**EXERCISE DESCRIPTION:**
Restate the whole of the data below word for word, skipping the images.

**GIVEN DATA:**

..........

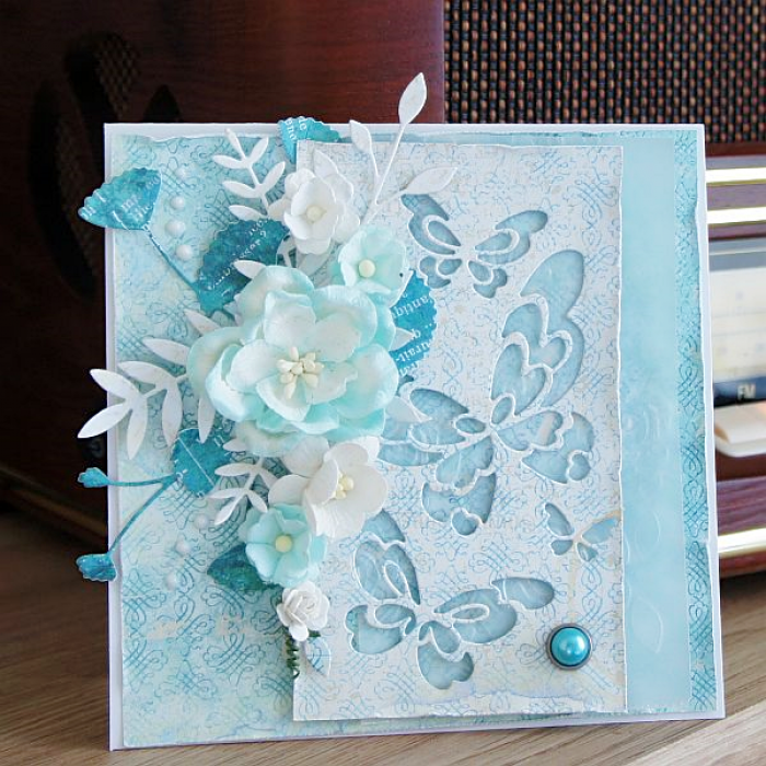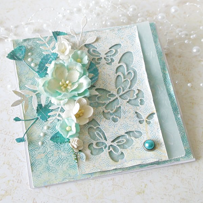 Delikatna, romantyczna kartka dla wyjątkowej kobiety w kolorach turkusu.
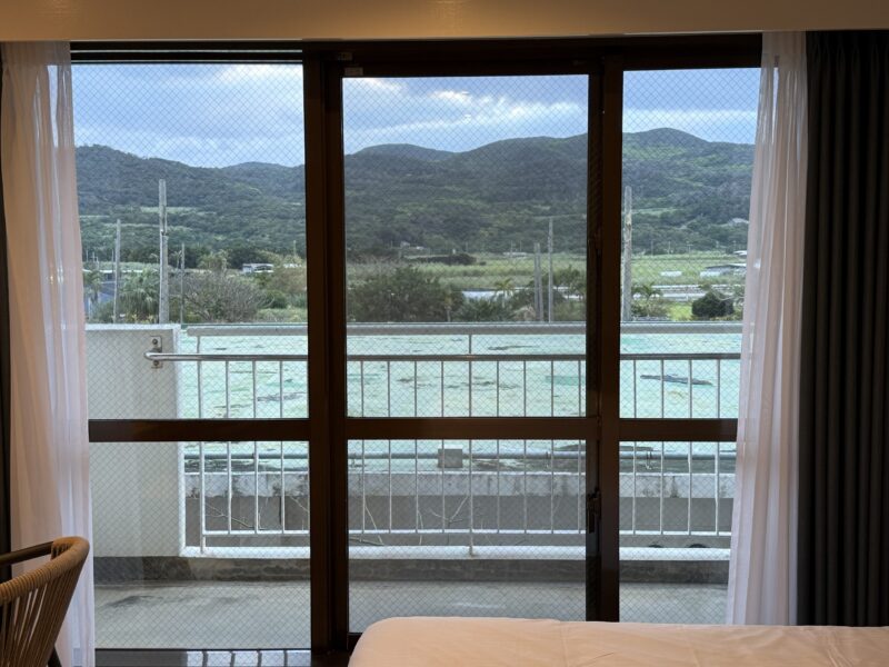 客室の窓からは、久米島ののどかな景色が広がります。
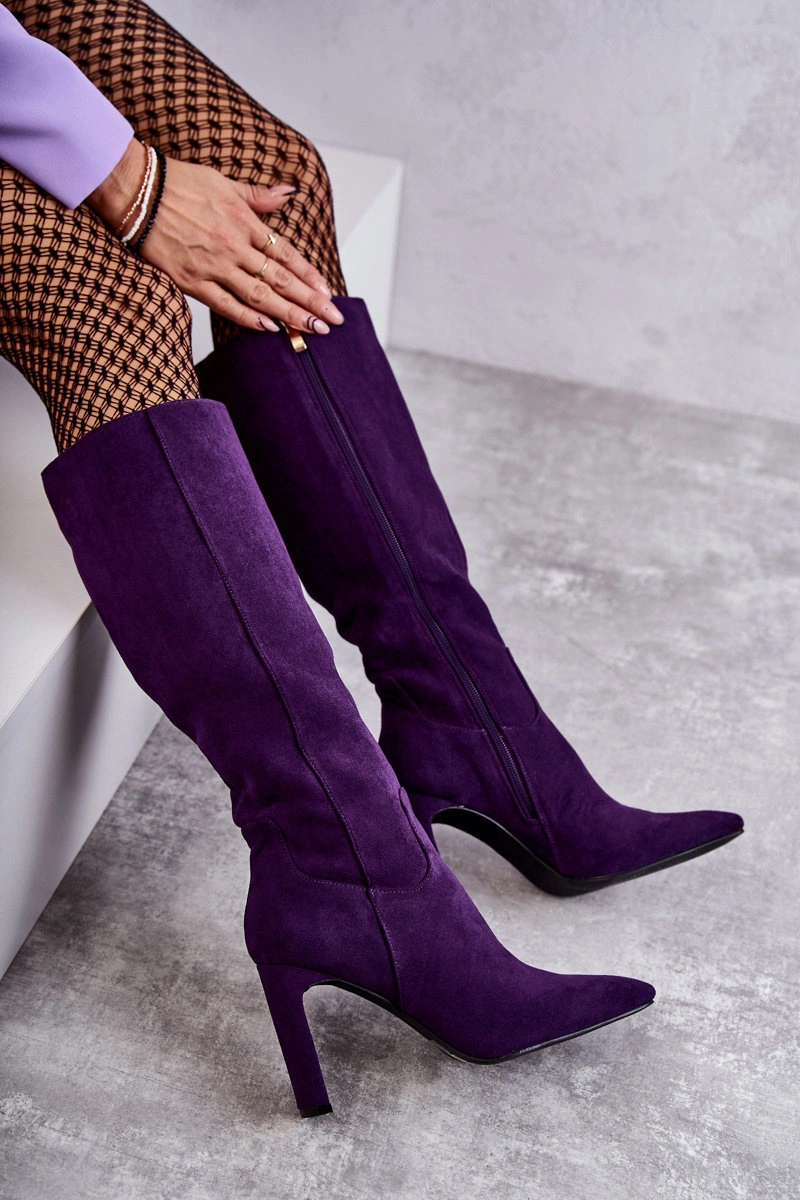 Kozaki Damskie Na Słupku Do Kolana Fioletowe Truly Love

..........

**WRITTEN REPLY:**
 Delikatna, romantyczna kartka dla wyjątkowej kobiety w kolorach turkusu.
 客室の窓からは、久米島ののどかな景色が広がります。
 Kozaki Damskie Na Słupku Do Kolana Fioletowe Truly Love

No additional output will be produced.